14 giorni dopo il trattamento, tutte le fibre muscolari e i muscoli non trattati sono GFP positivi. Ma non nei muscoli dell'ospite trattati. Molte di queste fibre negative GFP hanno dimostrato di essere vitali con l'etichettatura della desmina rossa.

Ciò dimostra che la MIME porta alla miogenesi derivata da cellule donatrici. Ci sono fibre muscolari chimeriche presenti nel muscolo TA. Rilevati dalla loro fluorescenza da bassa a moderata, probabilmente derivanti dalla fusione delle cellule miogeniche dell'ospite e del donatore.

La loro presenza su tutto il diametro del muscolo ospite suggerisce che le cellule miogeniche del donatore possono migrare per diverse centinaia di micron all'interno del muscolo. Una volta padroneggiata, questa tecnica può essere eseguita in 15-20 minuti, se eseguita correttamente.
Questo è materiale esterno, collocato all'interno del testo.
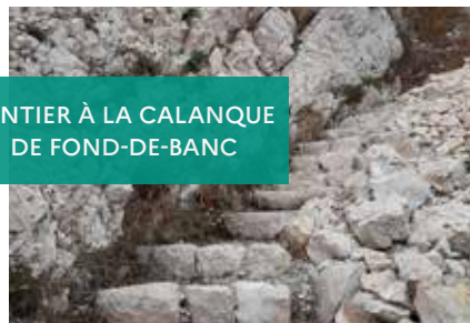
SENTIER À LA CALANQUE DE FOND-DE-BANC

Vigueirat pour la pose de clôtures à taureaux et du débroussaillage sur l'étang du Bolmon, en complément des travaux réalisés directement sur le site des marais du Vigueirat (arrachage de jussies, nettoyage du canal du Vigueirat et pose d'un platelage). Plusieurs autres chantiers de jeunes ou chantiers d'insertion se déroulent sur les sites du Conservatoire, pilotés directement par les gestionnaires de sites.

Dopo aver visto questo video, dovresti avere una buona comprensione di come utilizzare la tecnica MIME per incorporare un segmento di muscolo donatore in un muscolo ospite, al fine di facilitare la miogenesi mediata da cellule donatrici.

La tecnica MIME ci apre la strada per studiare se il muscolo umano cadaverico può promuovere o meno la miogenesi mediata da cellule del donatore in un topo ospite. Aiuta anche a valutare se la stimolazione elettrica neuromuscolare è in grado di migliorare la miogenesi mediata da cellule del donatore. Questo metodo può essere applicato anche ad altri sistemi, come la generazione di modelli animali di malattie umane mediante l'inserimento di un muscolo umano bioptico in animali ospiti e per verificare se i mimetici del tessuto muscolare contenenti cellule miogeniche possono promuovere la miogenesi.